Work task: From the first line of the records below, transcribe each line exactly up to and including the one with "KONTAKT-SIMON 10 Gniazdo"; pictures stay out.

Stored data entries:

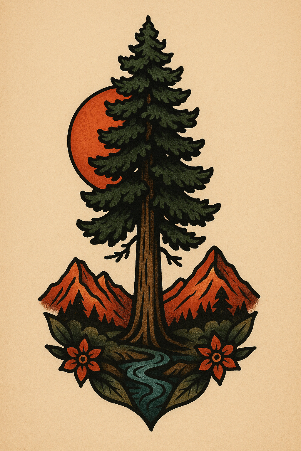 /Collection: /by davooda/Type: PNG/This image represents a stylized nature scene featuring a tall tree, mountains, and flowers. It uses bold colors and outlines, ideal for prints or outdoor-themed designs.
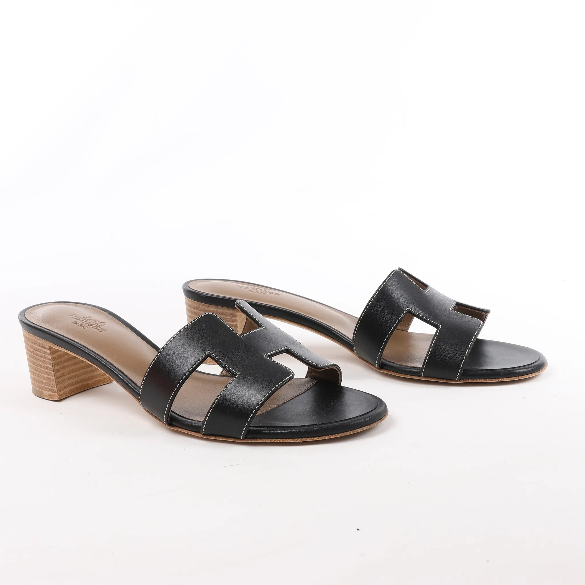 HERMES OASIS Leather Sandals in Black, Size 37.5 EU Secondhand
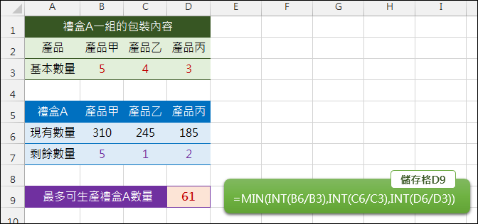 儲存格D9:=MIN(INT(B6/B3),INT(C6/C3),INT(D6/D3))
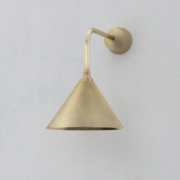 真鍮鋳物のL 字ブラケットに、FUTAGAMI ペンダントシリーズのシェード(円錐・半球など)を自由に組み合わせられる壁付けランプです。防滴構造のため、雨がかかるエントランスやテラスでも使用可能。屋内外を同一意匠で統一できることから、住宅はもちろん、ホテルやレストランでも幅広く採用いただけます。
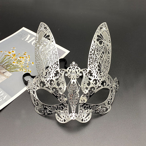 Venetian Masquerade Mask with Diamonds and Gold Metal Iron Face Rabbit Gold Color Adults Half Face Mask for Women Halloween Props
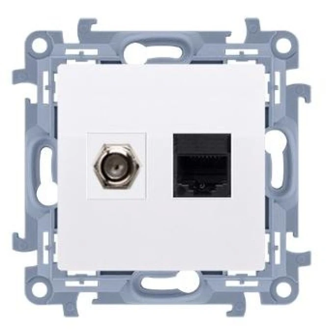 KONTAKT-SIMON 10 Gniazdo antenowe F + komputerowe RJ45 biały mat
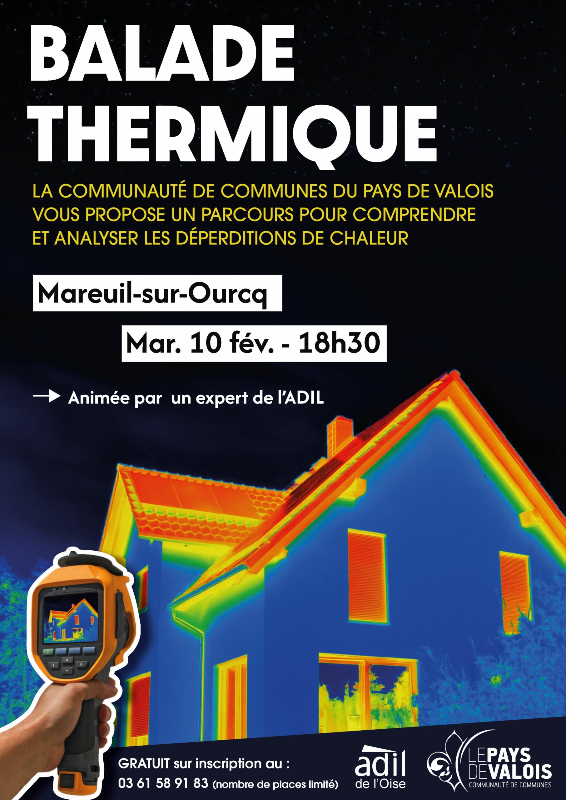 La Communauté de Communes du Pays de Valois, en partenariat avec l’ADIL 60, propose des balades thermiques gratuites pour mieux comprendre les déperditions de chaleur des logements. À l’aide d’une caméra thermique, un expert analyse différents types de bâti, avant un temps d’échange sur les solutions de rénovation énergétique.
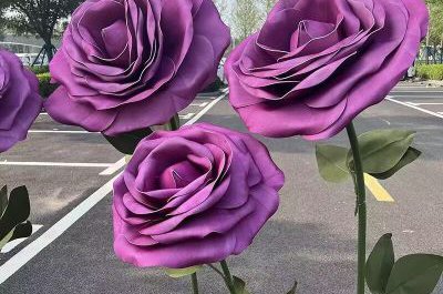 大型月季花雕塑 鍛造發(fā)光花卉雕塑 房地產(chǎn)花朵雕塑

Solution:
 /Collection: /by davooda/Type: PNG/This image represents a stylized nature scene featuring a tall tree, mountains, and flowers. It uses bold colors and outlines, ideal for prints or outdoor-themed designs.
 HERMES OASIS Leather Sandals in Black, Size 37.5 EU Secondhand
 儲存格D9:=MIN(INT(B6/B3),INT(C6/C3),INT(D6/D3))
 真鍮鋳物のL 字ブラケットに、FUTAGAMI ペンダントシリーズのシェード(円錐・半球など)を自由に組み合わせられる壁付けランプです。防滴構造のため、雨がかかるエントランスやテラスでも使用可能。屋内外を同一意匠で統一できることから、住宅はもちろん、ホテルやレストランでも幅広く採用いただけます。
 Venetian Masquerade Mask with Diamonds and Gold Metal Iron Face Rabbit Gold Color Adults Half Face Mask for Women Halloween Props
 KONTAKT-SIMON 10 Gniazdo antenowe F + komputerowe RJ45 biały mat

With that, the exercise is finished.